═══ EXERCISE DATA

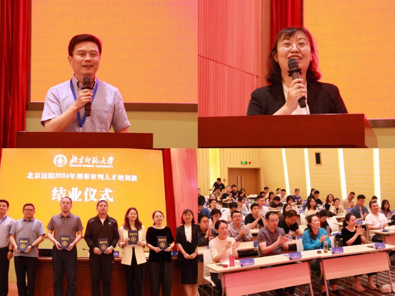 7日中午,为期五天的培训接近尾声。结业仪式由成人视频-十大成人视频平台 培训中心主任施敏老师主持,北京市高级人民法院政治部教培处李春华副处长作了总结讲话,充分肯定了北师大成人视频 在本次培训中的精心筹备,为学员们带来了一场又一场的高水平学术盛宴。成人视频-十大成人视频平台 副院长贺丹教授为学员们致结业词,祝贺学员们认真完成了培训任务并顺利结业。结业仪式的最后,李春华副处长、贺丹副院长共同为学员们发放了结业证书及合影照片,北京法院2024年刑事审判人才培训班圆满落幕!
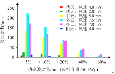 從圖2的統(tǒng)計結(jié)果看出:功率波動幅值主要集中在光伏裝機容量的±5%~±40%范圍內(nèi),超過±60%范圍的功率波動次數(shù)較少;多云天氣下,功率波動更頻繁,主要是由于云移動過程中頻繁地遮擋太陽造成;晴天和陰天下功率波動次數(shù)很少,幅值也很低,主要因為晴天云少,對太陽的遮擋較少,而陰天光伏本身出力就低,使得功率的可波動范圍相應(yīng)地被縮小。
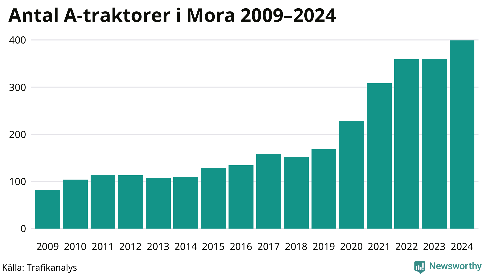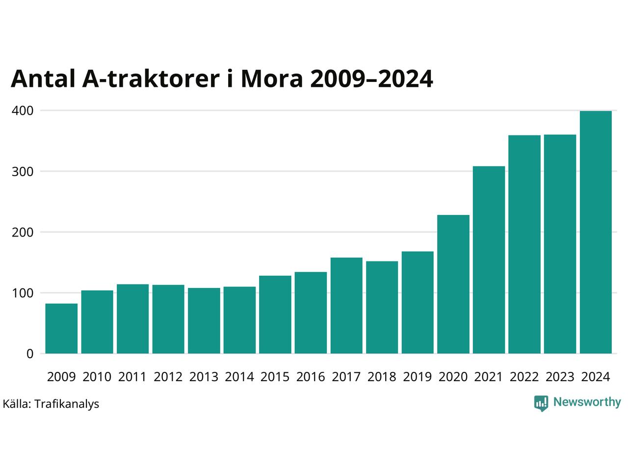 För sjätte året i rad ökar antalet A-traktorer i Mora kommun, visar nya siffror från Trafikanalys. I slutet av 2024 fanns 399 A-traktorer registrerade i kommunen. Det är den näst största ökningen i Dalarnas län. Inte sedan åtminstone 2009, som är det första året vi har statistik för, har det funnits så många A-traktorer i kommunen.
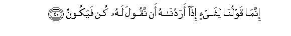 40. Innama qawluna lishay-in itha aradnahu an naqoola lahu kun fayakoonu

══════

ASSIGNMENT
Begin at the line that contains "從圖2的統(tǒng)計結(jié)果看" and transcribe every line through the end of the listing, exactly as written. Omit the pictures.

ANSWER BELOW
 從圖2的統(tǒng)計結(jié)果看出:功率波動幅值主要集中在光伏裝機容量的±5%~±40%范圍內(nèi),超過±60%范圍的功率波動次數(shù)較少;多云天氣下,功率波動更頻繁,主要是由于云移動過程中頻繁地遮擋太陽造成;晴天和陰天下功率波動次數(shù)很少,幅值也很低,主要因為晴天云少,對太陽的遮擋較少,而陰天光伏本身出力就低,使得功率的可波動范圍相應(yīng)地被縮小。
 För sjätte året i rad ökar antalet A-traktorer i Mora kommun, visar nya siffror från Trafikanalys. I slutet av 2024 fanns 399 A-traktorer registrerade i kommunen. Det är den näst största ökningen i Dalarnas län. Inte sedan åtminstone 2009, som är det första året vi har statistik för, har det funnits så många A-traktorer i kommunen.
 40. Innama qawluna lishay-in itha aradnahu an naqoola lahu kun fayakoonu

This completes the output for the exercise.